(Stored items from a collection)
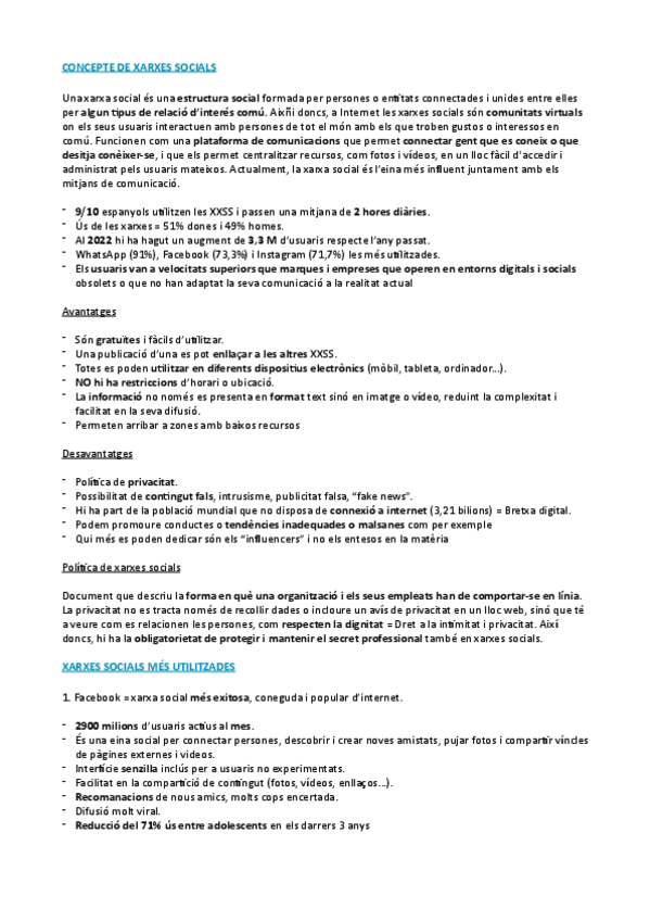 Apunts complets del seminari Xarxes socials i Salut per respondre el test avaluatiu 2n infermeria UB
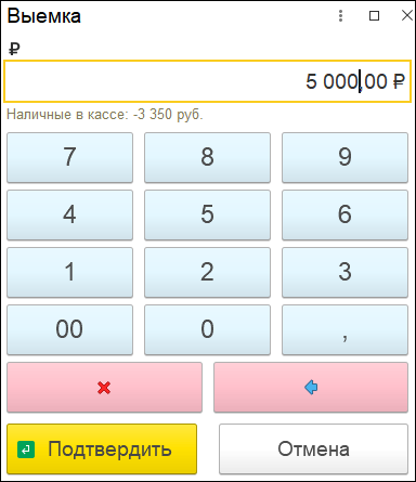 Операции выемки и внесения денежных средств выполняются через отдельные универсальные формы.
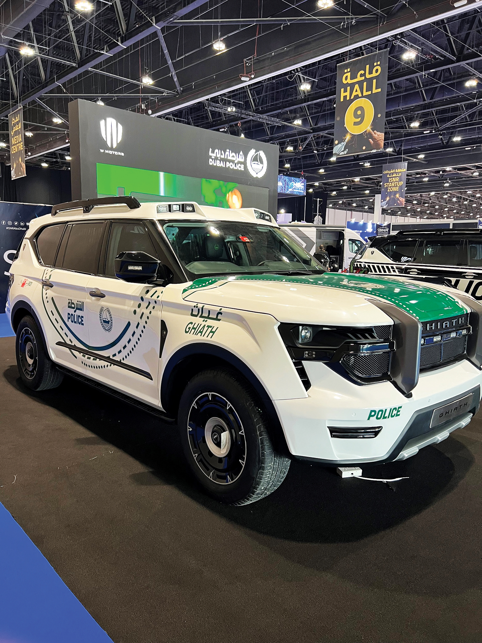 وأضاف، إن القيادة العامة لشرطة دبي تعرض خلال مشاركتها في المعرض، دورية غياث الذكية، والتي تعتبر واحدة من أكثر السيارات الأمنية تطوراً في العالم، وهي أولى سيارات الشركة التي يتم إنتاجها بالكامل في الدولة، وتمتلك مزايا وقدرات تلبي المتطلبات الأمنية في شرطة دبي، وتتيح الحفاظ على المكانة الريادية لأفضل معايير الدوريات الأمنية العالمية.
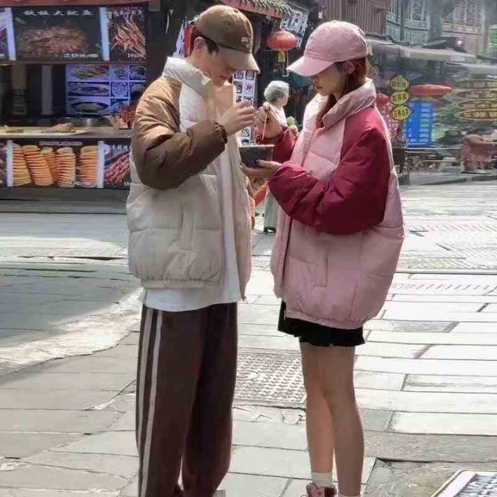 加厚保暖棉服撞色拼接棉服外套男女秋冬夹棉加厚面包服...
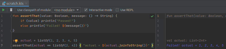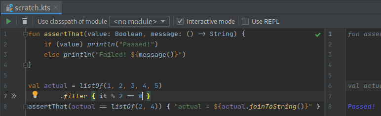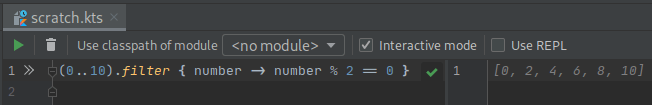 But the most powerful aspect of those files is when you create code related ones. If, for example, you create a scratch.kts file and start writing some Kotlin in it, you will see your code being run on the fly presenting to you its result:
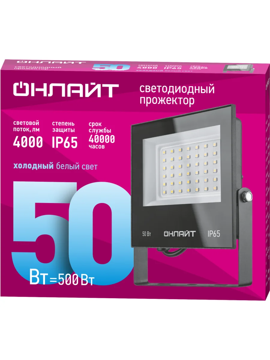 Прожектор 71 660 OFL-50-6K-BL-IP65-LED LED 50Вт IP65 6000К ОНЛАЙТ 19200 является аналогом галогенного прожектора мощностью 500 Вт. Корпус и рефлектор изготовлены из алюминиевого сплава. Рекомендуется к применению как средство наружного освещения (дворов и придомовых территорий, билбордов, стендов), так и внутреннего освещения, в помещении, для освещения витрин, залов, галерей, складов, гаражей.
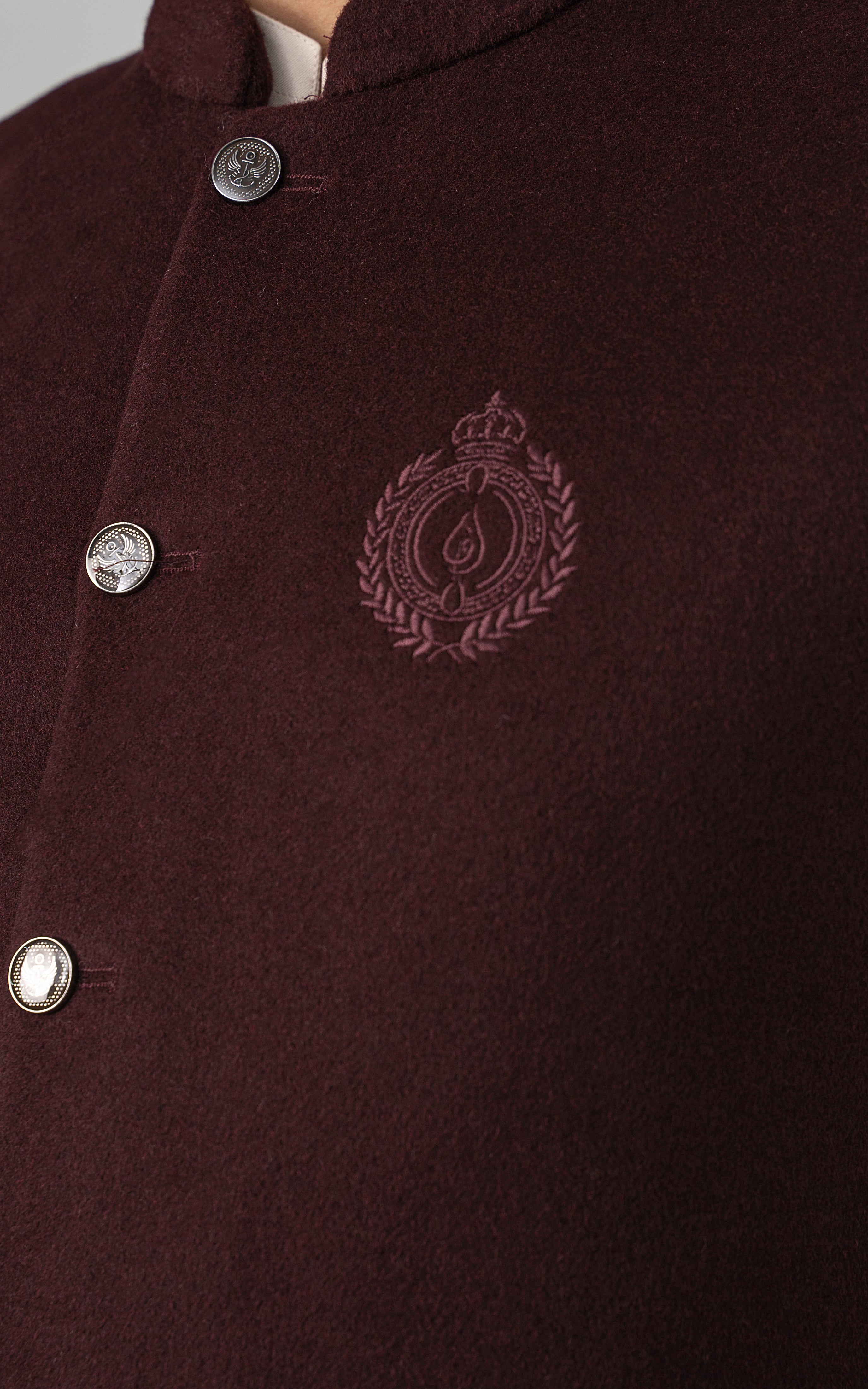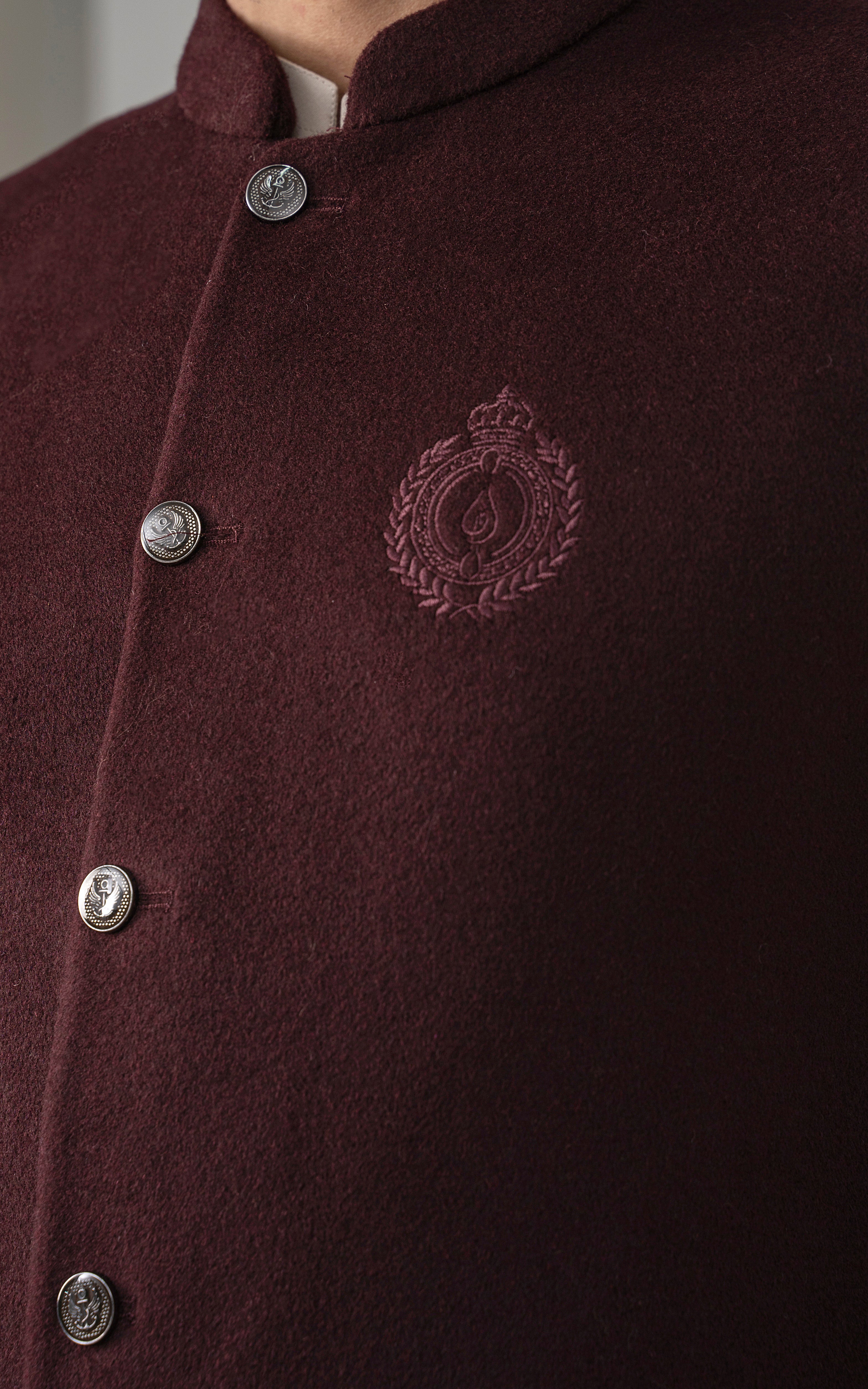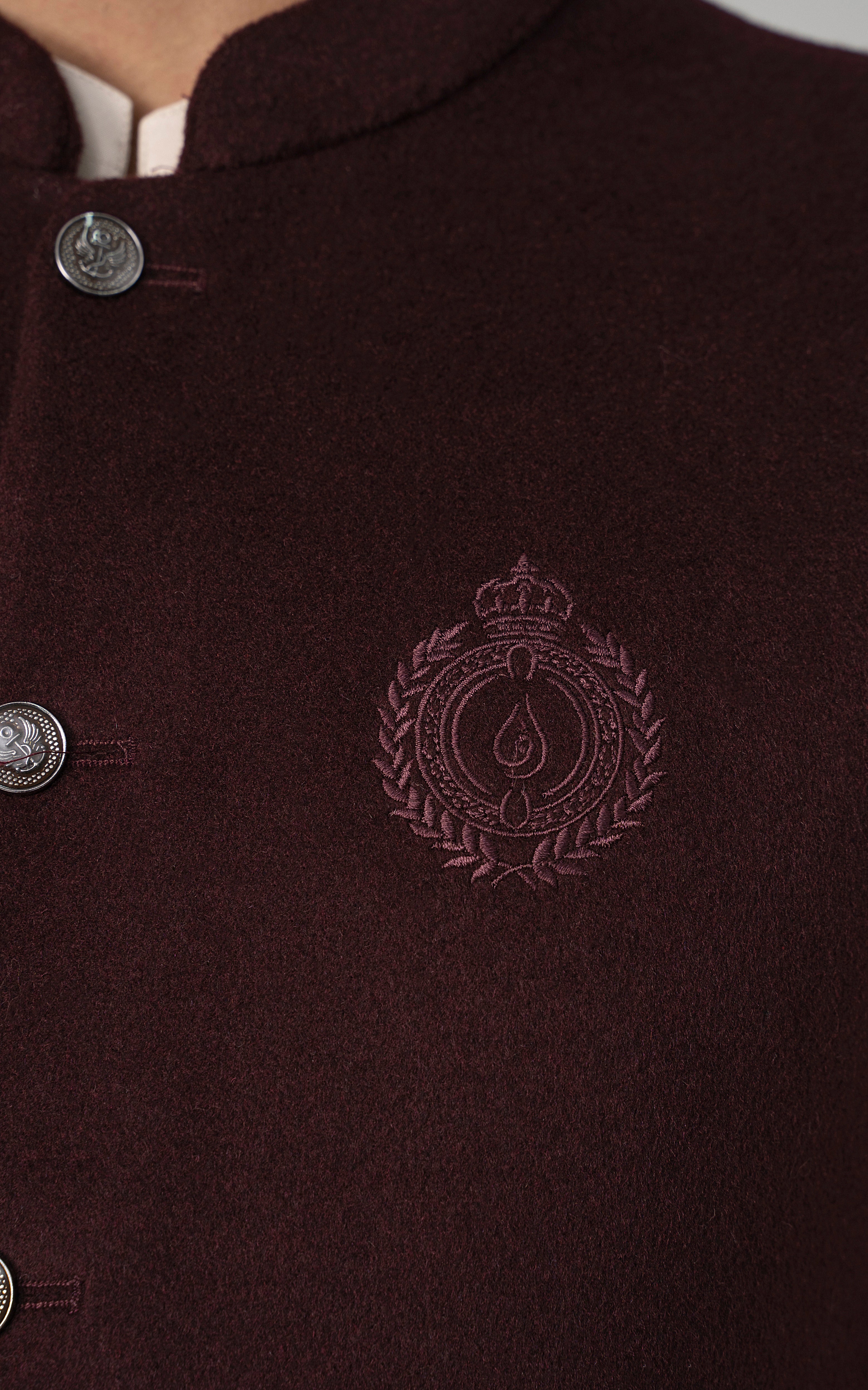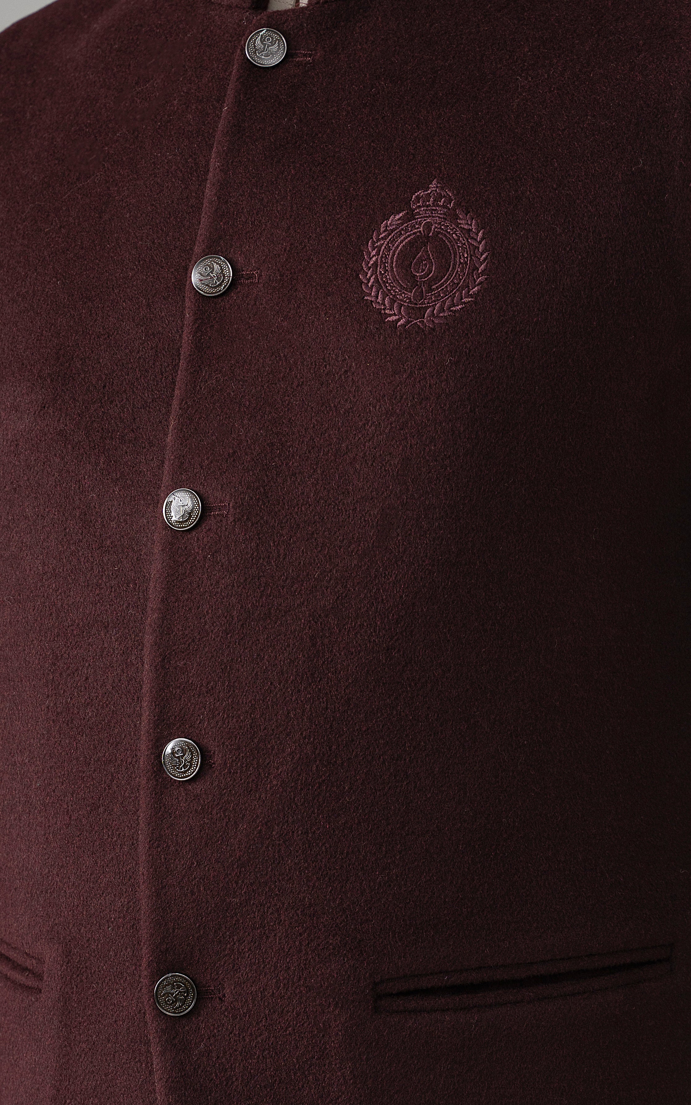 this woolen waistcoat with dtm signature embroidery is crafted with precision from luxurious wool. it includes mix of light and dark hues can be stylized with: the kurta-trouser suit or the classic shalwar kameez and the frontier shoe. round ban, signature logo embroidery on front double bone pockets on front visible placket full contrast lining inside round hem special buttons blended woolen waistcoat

## PROBLEM TO SOLVE
Up to and including the line containing "وأضاف، إن القيادة", repeat every line from the start of the data, but none of the pictures.

## WRITTEN SOLUTION
 Apunts complets del seminari Xarxes socials i Salut per respondre el test avaluatiu 2n infermeria UB
 Операции выемки и внесения денежных средств выполняются через отдельные универсальные формы.
 وأضاف، إن القيادة العامة لشرطة دبي تعرض خلال مشاركتها في المعرض، دورية غياث الذكية، والتي تعتبر واحدة من أكثر السيارات الأمنية تطوراً في العالم، وهي أولى سيارات الشركة التي يتم إنتاجها بالكامل في الدولة، وتمتلك مزايا وقدرات تلبي المتطلبات الأمنية في شرطة دبي، وتتيح الحفاظ على المكانة الريادية لأفضل معايير الدوريات الأمنية العالمية.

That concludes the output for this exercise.